De los paros, salió algo bueno: los campesinos existen por primera vez en la agenda pública. Pero ¿qué pasó después del tsunami provocado por la reforma a la justicia con la que pretendían apuntalar sus intereses unos magistrados clientelistas que hoy ocupan buen espacio en las cortes, y que son los dueños de los nombramientos y, no pocas veces, hasta del sentido de las decisiones? Nada. ¿Quién va a castigar a los miembros venales de los altos tribunales? ¿La Comisión de Acusación de la Cámara de Representantes? No me hagan llorar de la risa.
Debido a este contexto, la tutela fallada por una sala de dos magistrados de la Corte Suprema a favor del fiscal Eduardo Montealegre, deja un sabor agridulce. Agrio porque resultó, mágicamente, beneficiando a unos terceros no vinculados a la tutela, los magistrados del despreciable Consejo Superior de la Judicatura investigados por el ‘carrusel de las pensiones’. Dulce, porque frena la locura de poder y venganza que parece haber invadido a la funcionaria que dirige la Contraloría General y que ella usa contra quien ose enfrentarla, como era evidente en el asunto Montealegre ¿Qué iba a imaginarse el fiscal que su argumentación jurídica sobre el fuero que lo cubre y que impide que la Contraloría lo investigue, terminaría por ser aprovechada por los falladores de la Corte Suprema para favorecer a los magistrados de la Judicatura, Henry Villarraga y Julia Emma Garzón, señores de regular fama que les dieron puesto, por dos y tres meses, a jueces que aspiraban a retirarse con pensiones de $14 millones en vez de $2? Pues así resultó la sentencia: una carambola a cuatro bandas.

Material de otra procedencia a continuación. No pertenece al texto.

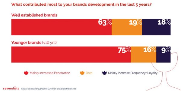 Yet, given the findings from our study, as highlighted in the chart below, we have in fact discovered that Brand Penetration is equally important throughout the entire life cycle of a brand – with only a marginal difference between the younger and the more mature brands.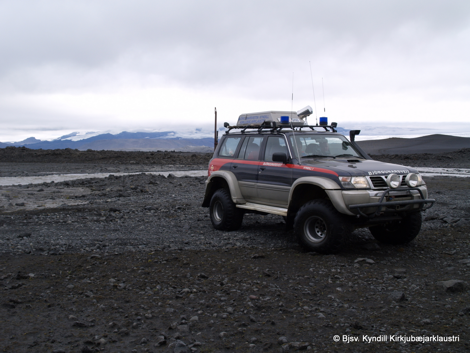 Maðurinn verður þó líklega ekki kominn til byggða fyrr en um miðnætti enda um hálendisveg að fara. Ekki var talið unnt að koma þyrlu á staðinn vegna veðurs. Frekar slæmt veður er nú á miðhálendinu eins og spáð hafði verið.
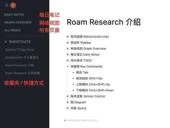 介绍完核心功能,回头再来看下 Roam Research 的界面布局。整个界面分为两栏,左边为菜单栏,只有简单的三项:‘每日笔记’、‘网络视图’以及‘所有页面’,外加下方的收藏夹。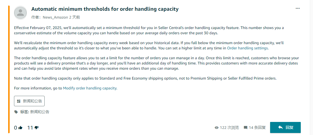 亞馬遜在公告中表示,自2月7日起,將會在Seller Central的訂單處理能力功能中自動為賣家設一個最低閾值。該閾值是基于賣家過去30天的平均每日訂單量做出的保守估計,用于顯示賣家可以處理訂單的容量。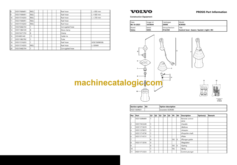 914 250 Control lever boom bucket ( right ) RH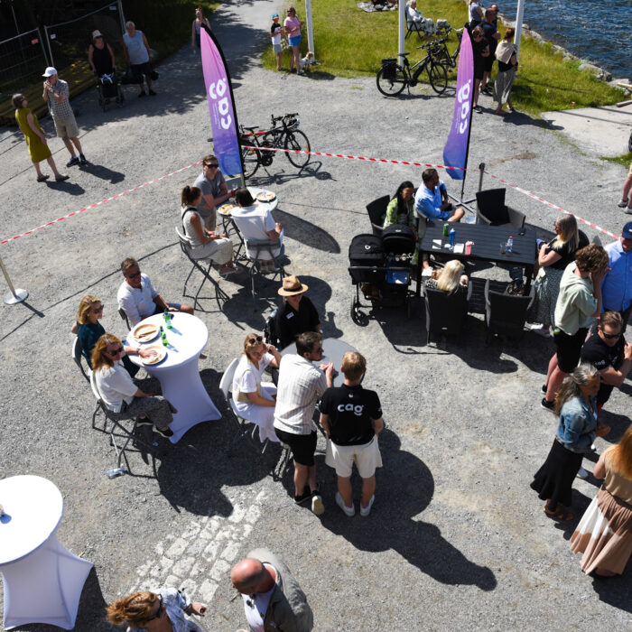 Hejarklacken samlades på CAG Novus kontor i Nacka strand där vi medarbetare, kunder, familj och vänner hejade fram båten.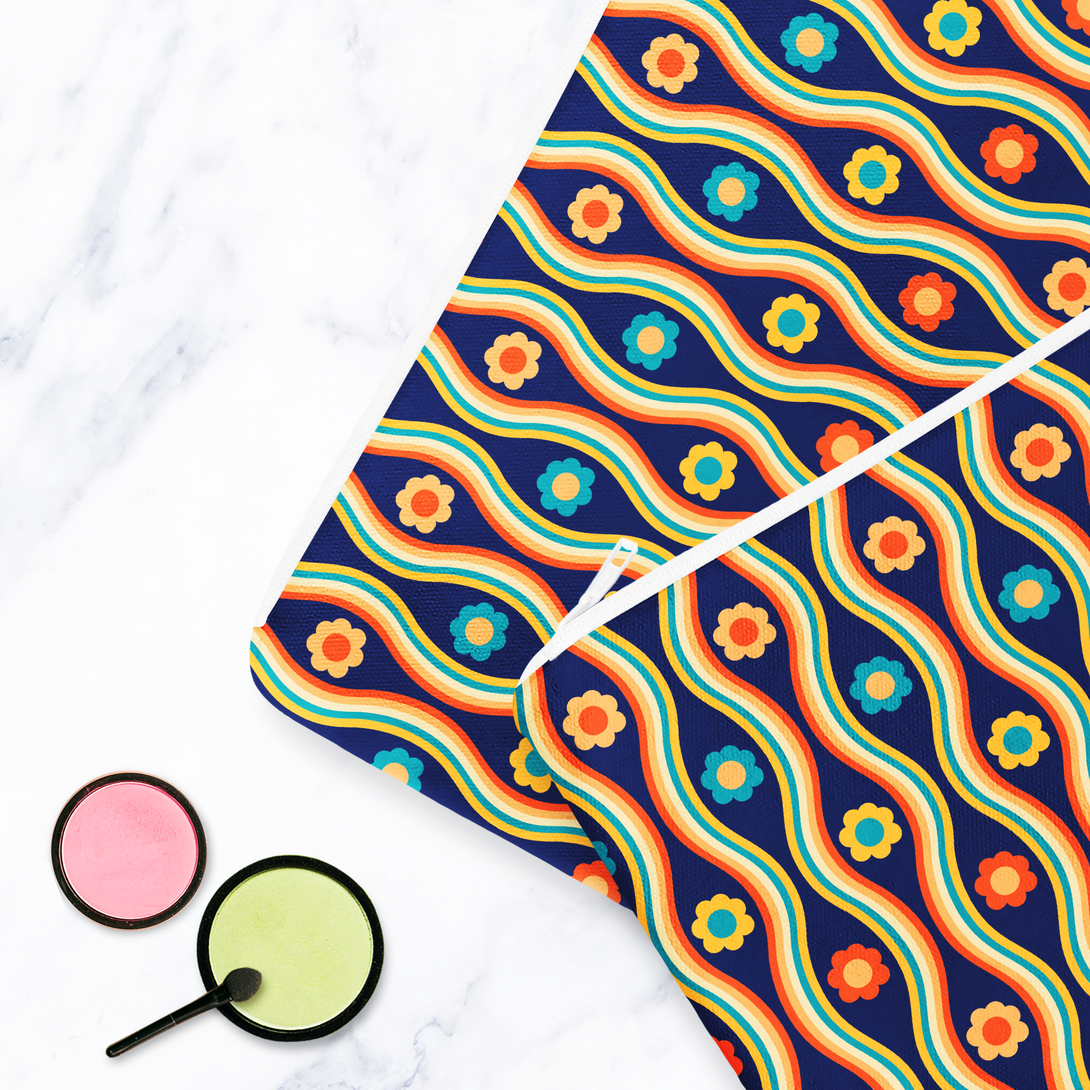 This is a cosmetic bag that I have made using a navy blue retro fabric. The fabric and the bag are designed and handmade by Shadowbright. The bag is lined with a water resistant coated cotton.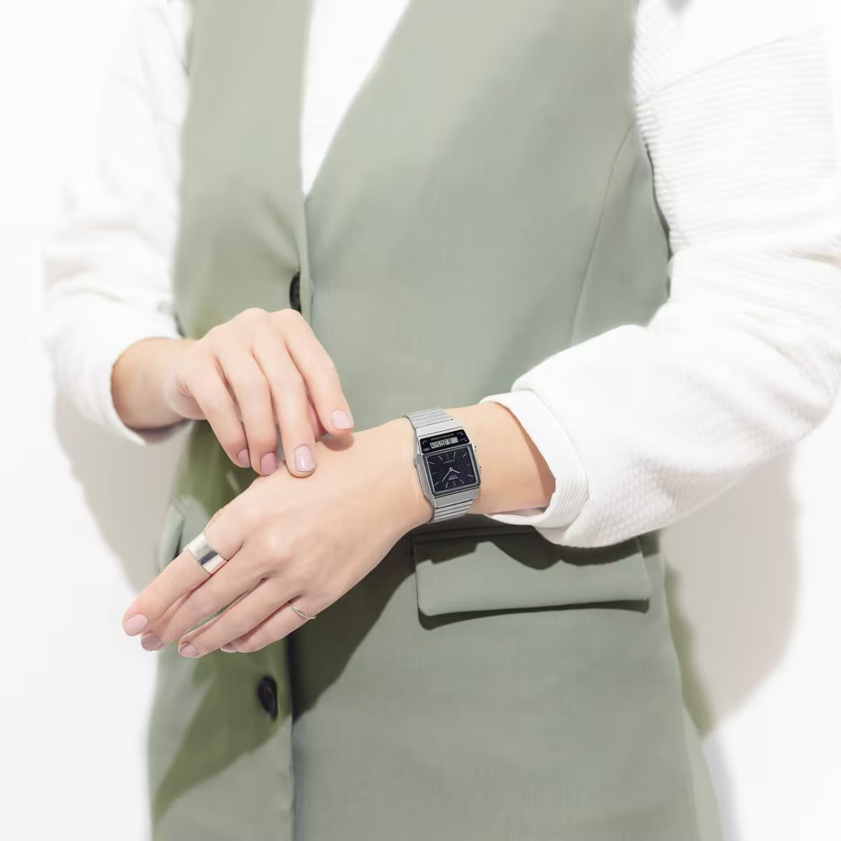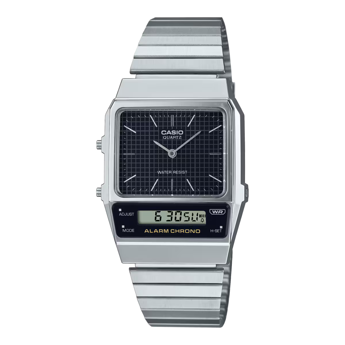 جدّد أسلوبك الكلاسيكي القديم مع تحديث عصري لتصميم AQ-450 من ثمانينيات القرن الماضي. هذه الساعة الجديدة كليًا، ذات الطراز الكلاسيكي، مزيج رائع بين الكلاسيكية والأناقة. ميناء منفصل وشاشة LCD يُضفيان جمالًا تناظريًا إلى جانب الأداء الرقمي. تنحني شاشة LCD بسلاسة لتتبع خطوط العروات، بينما يتميز الميناء التناظري بعلامات مؤشر شريطية بسيطة. يُضفي وجه الساعة المزين بنمط شبكي لمسة نهائية مميزة لشعور كلاسيكي حقيقي. يُجسّد الجمع بين العلبة ذات الزوايا والوصلات المستقيمة للسوار المعدني احتفالًا بسيطًا وأنيقًا بالجمال الهيكلي. أكثر من مجرد لمسة أنيقة، توفر هذه الساعات وظائف عملية مثل التوقيت المزدوج، وساعة الإيقاف، والمنبه، بالإضافة إلى مقاومة الماء للاستخدام اليومي لتُريحك من القلق، حتى في الأيام الممطرة.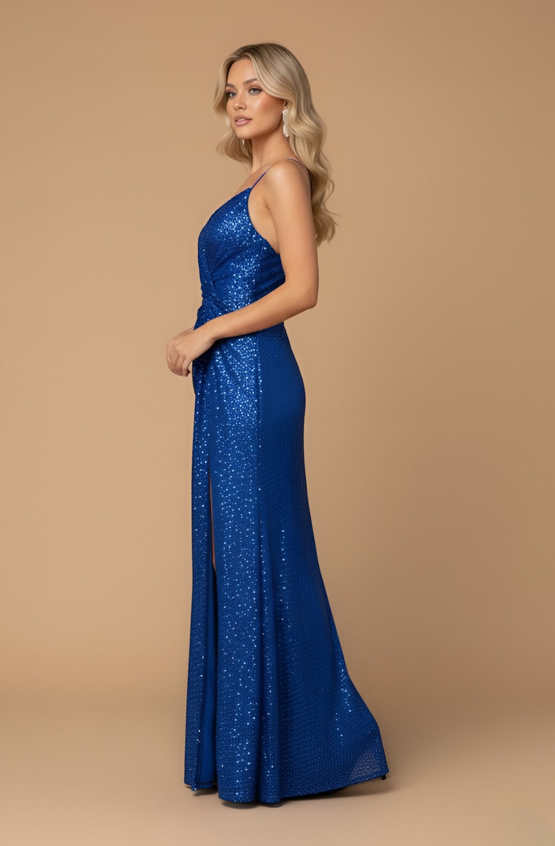 A sleek satin evening dress with sequin detailing and a unique criss-cross neckline. Designed to offer timeless elegance with a modest flair.

En su esencia, dice: “prevenir a la Contraloría… (de) iniciar o proseguir investigación alguna contra (todos) los funcionarios aforados constitucionalmente”. Pero antes, los firmantes de la tutela se habían ocupado de mencionar explícitamente a “los magistrados del Consejo Superior de la Judicatura”. Con esta decisión, Villarraga y compañía se salvaron de asistir a la audiencia de ayer, donde tendrían que rendir explicaciones ¡Qué oportuna decisión!
Hagamos una composición de lugar:
En la Judicatura del carrusel tienen asiento ahora, gracias a que sus excolegas de la Suprema votaron por ellos, dos exmiembros de esa corte que no brillan por sus decisiones sino porque se las arreglan para dominar el ambiente: el cartagenero Francisco Ricaurte y su pareja, Pedro Munar. Uno de los dos que falló la tutela del fiscal Montealegre, extensiva, como caucho, a Villarraga y Garzón, fue el cartagenero Gustavo Enrique Malo, que llegó a la alta magistratura con el apoyo intenso de Ricaurte. La presidenta de la Suprema, la santandereana Ruth Marina Díaz, también se mueve como pez en el agua –no en vano se relaja en cruceros caribeños– en esos enroques de corte a corte (ella misma pretende pasar a la Constitucional el año entrante). Al mismo tiempo en que se resolvía la tutela, ella destrabó, de repente, el nombramiento de cinco magistrados que llevaba dos años en problemas. Los nuevos togados quedaron bien repartidos: dos eran magistrados auxiliares de la Sala Laboral, antigua sede de Ricaurte. Dos, son oriundos del departamento de la paseadora. Y el quinto, viene de la Procuraduría, del (sorpresa) también santandereano Alejandro Ordóñez ¿De qué hablamos, entonces? ¡De otro carrusel! ¿Cómo van a sancionar el primero, si practican el segundo?